Records provided:
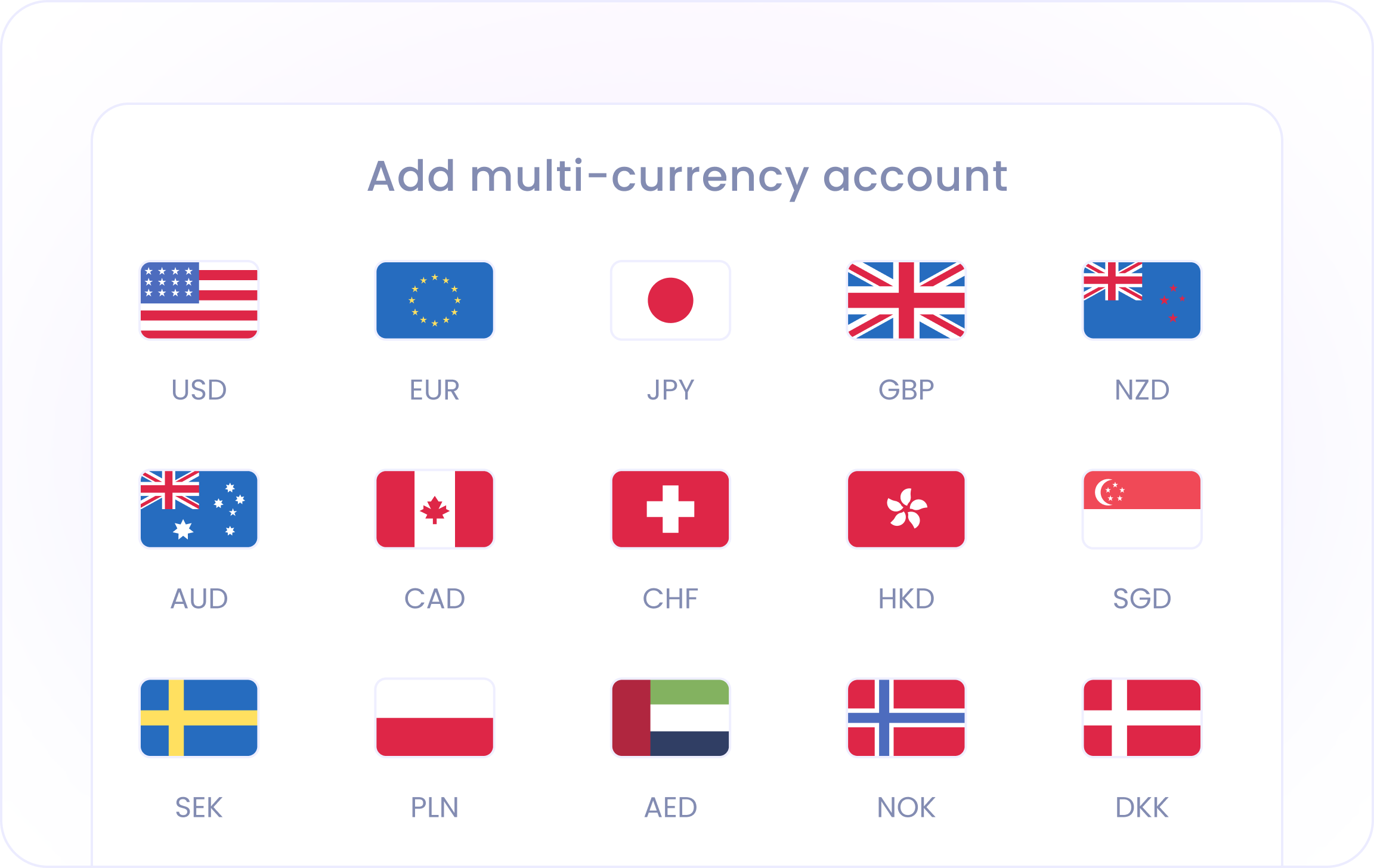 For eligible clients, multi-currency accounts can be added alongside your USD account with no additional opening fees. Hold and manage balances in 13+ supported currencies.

* * *

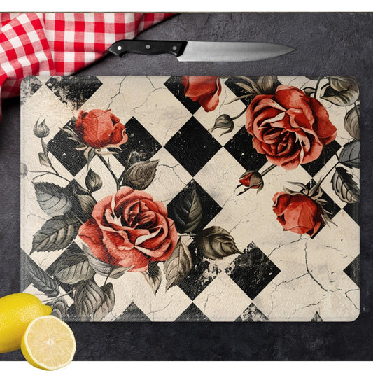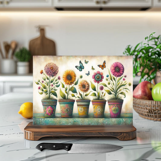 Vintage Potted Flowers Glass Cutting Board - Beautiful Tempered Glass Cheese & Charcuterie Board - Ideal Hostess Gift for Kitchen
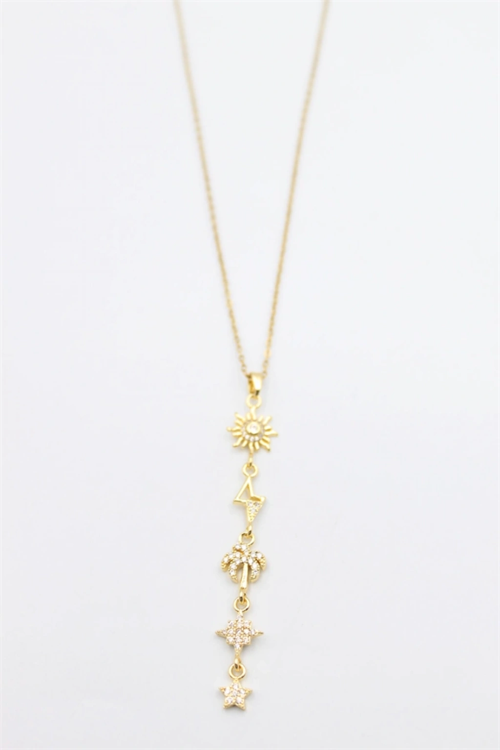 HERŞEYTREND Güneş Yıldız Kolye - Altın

What the task requires:
Using the data above, give again exactly the lines starting at the one holding "Vintage Potted Flowers" and ending at the one holding "HERŞEYTREND Güneş Yıldız Kolye - Altın", inclusive, and nothing more. Omit the pictures.

Solution below:
 Vintage Potted Flowers Glass Cutting Board - Beautiful Tempered Glass Cheese & Charcuterie Board - Ideal Hostess Gift for Kitchen
 HERŞEYTREND Güneş Yıldız Kolye - Altın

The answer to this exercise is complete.